Oh boy. I’m so pissed I paid money for this. While I didn’t like every pdf of the series, I did love the inquisitor and oracle ones and at least found some good pieces in the druid and cleric-pdfs. Here, though: Nothing. I got nothing. A small archetype and an ok alternate class feature, which I consider moderately interesting just don’t make up for the amount of SUCK herein. This pdf takes everything bland about the paladin and amplifies it. Worse, it actually encourages a playstyle that led to the bad reputation of the class in the first place.
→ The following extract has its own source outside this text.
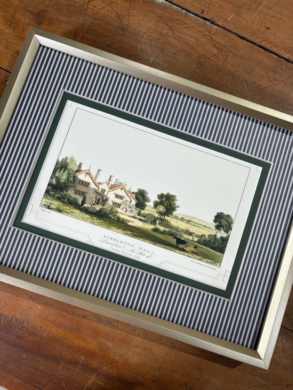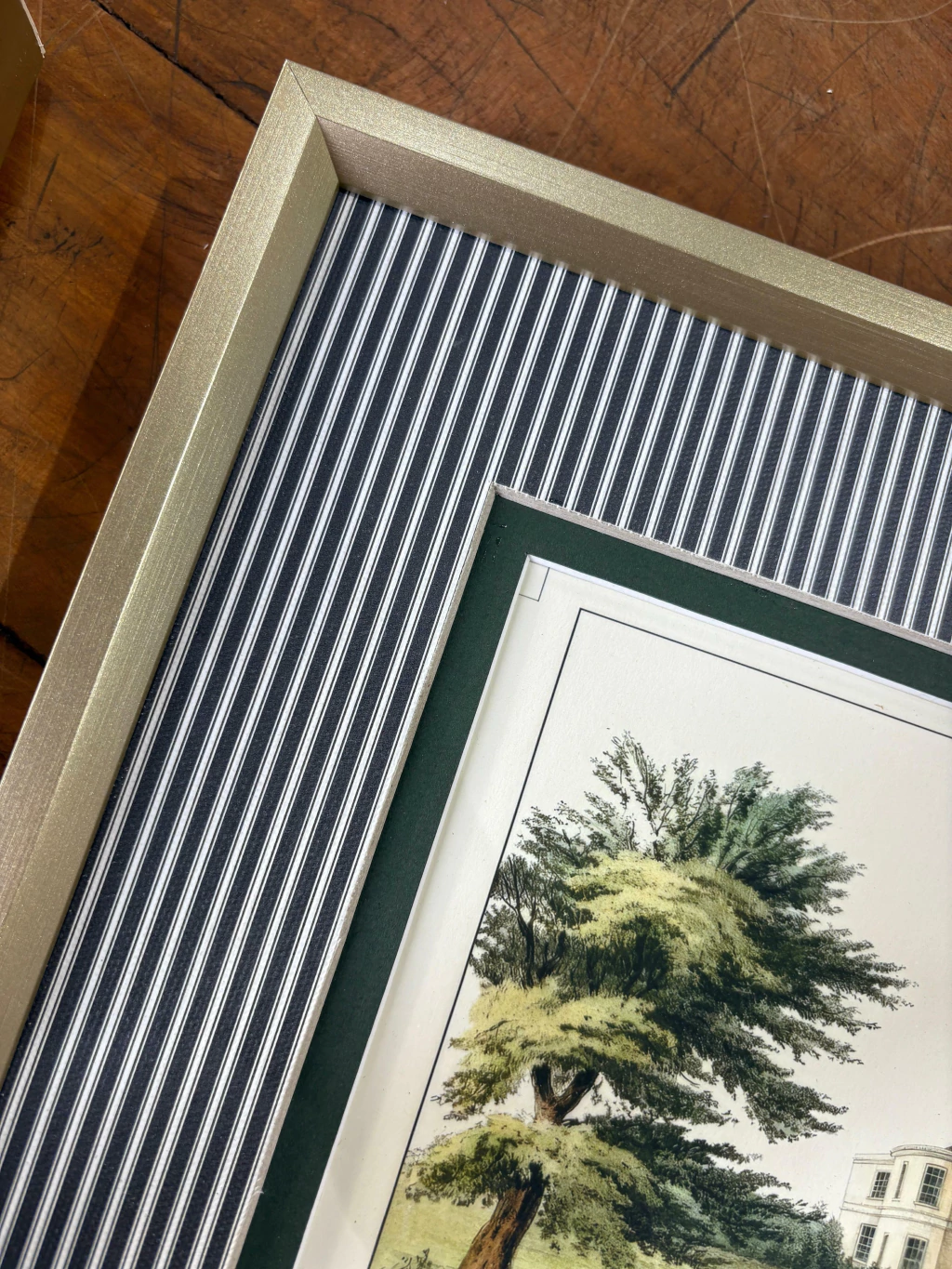 Moldura prata com 2 paspatur, sendo 1 deles listrado verde, com vidro liso incolor

If it had done so with rules that are interesting, perhaps even genius, I wouldn’t have minded – you’re speaking of a DM who had EXALTED paladins in his campaign (yep, Book of Exalted Deeds – horribly broken, but can be counteracted with roleplaying restrictions) and even though they were annoying, they led by example. This pdf does e.g. not address not killing humanoids. Non-lethal abilities? Peaceful solutions? Perhaps an alternative for smite that doesn’t kill, but subdues? An ability to slowly convert people to good, perhaps by granting bonuses to allies who behave accordingly, thus granting an incentive? Nope. Instead, the rather bland options impose overly restrictive moralities upon the whole party, include a severe editing glitch in the feats and make me angry.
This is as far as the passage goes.